In the material below, the required lines run from the one containing "当前位置: 91家纺网 >" through the one containing "Botas de fútbol". Copy those lines exactly, ends included, and nothing else.
[PROVIDED INFORMATION — start]
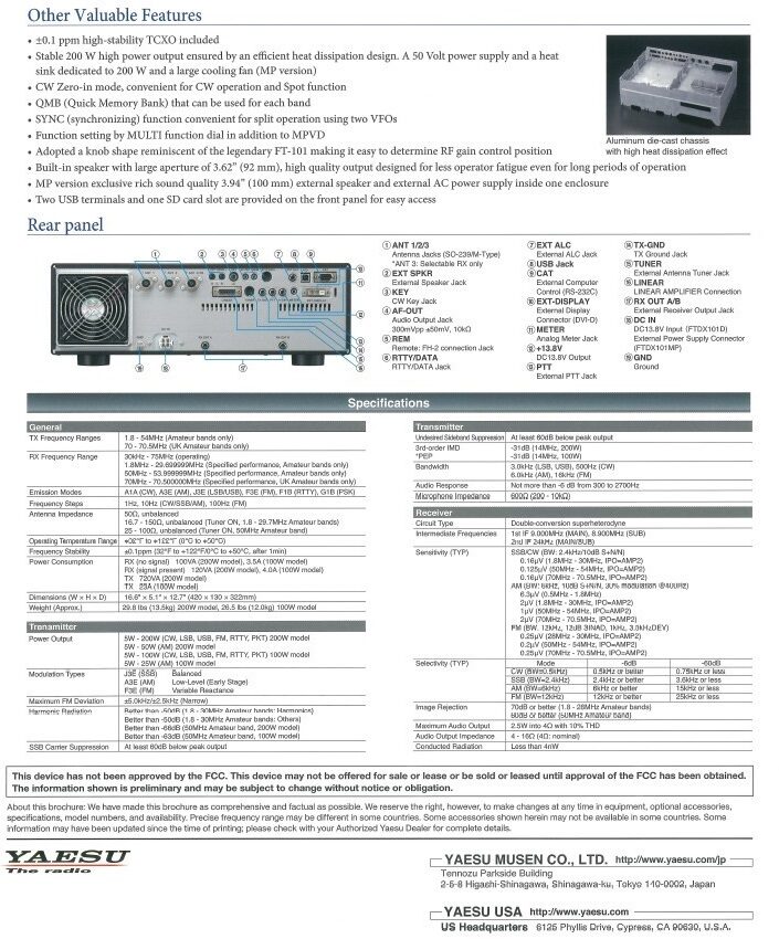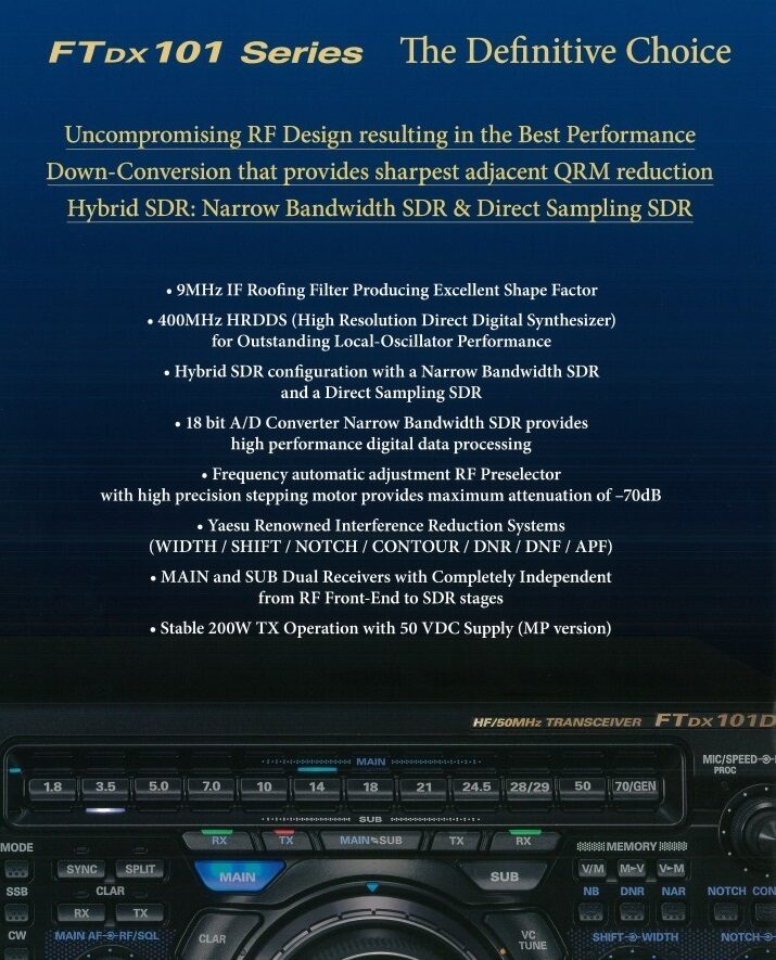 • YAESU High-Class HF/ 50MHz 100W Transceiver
[PROVIDED INFORMATION — finish]
[PROVIDED INFORMATION — start]
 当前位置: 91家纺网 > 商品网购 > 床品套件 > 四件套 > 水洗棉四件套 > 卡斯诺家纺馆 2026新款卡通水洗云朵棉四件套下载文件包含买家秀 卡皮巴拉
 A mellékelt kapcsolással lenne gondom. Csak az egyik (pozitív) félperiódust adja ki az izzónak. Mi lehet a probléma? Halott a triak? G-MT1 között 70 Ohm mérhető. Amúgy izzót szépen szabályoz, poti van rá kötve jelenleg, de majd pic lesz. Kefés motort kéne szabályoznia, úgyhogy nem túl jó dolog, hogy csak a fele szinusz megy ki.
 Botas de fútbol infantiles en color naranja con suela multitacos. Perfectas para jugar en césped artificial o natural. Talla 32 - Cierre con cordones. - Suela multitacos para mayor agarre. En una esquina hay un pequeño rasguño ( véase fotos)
[PROVIDED INFORMATION — finish]
[PROVIDED INFORMATION — start]
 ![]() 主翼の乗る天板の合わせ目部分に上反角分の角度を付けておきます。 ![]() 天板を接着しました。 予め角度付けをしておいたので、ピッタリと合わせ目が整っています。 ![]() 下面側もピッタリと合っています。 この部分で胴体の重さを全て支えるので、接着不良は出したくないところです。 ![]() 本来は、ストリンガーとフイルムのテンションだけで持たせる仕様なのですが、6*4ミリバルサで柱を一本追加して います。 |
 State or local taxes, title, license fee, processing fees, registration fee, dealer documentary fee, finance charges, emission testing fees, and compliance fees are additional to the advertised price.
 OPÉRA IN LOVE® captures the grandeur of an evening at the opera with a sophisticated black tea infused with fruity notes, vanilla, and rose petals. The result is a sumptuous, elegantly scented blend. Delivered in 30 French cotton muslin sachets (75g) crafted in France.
[PROVIDED INFORMATION — finish]
▶ _EXERCISE ANSWER_:
 当前位置: 91家纺网 > 商品网购 > 床品套件 > 四件套 > 水洗棉四件套 > 卡斯诺家纺馆 2026新款卡通水洗云朵棉四件套下载文件包含买家秀 卡皮巴拉
 A mellékelt kapcsolással lenne gondom. Csak az egyik (pozitív) félperiódust adja ki az izzónak. Mi lehet a probléma? Halott a triak? G-MT1 között 70 Ohm mérhető. Amúgy izzót szépen szabályoz, poti van rá kötve jelenleg, de majd pic lesz. Kefés motort kéne szabályoznia, úgyhogy nem túl jó dolog, hogy csak a fele szinusz megy ki.
 Botas de fútbol infantiles en color naranja con suela multitacos. Perfectas para jugar en césped artificial o natural. Talla 32 - Cierre con cordones. - Suela multitacos para mayor agarre. En una esquina hay un pequeño rasguño ( véase fotos)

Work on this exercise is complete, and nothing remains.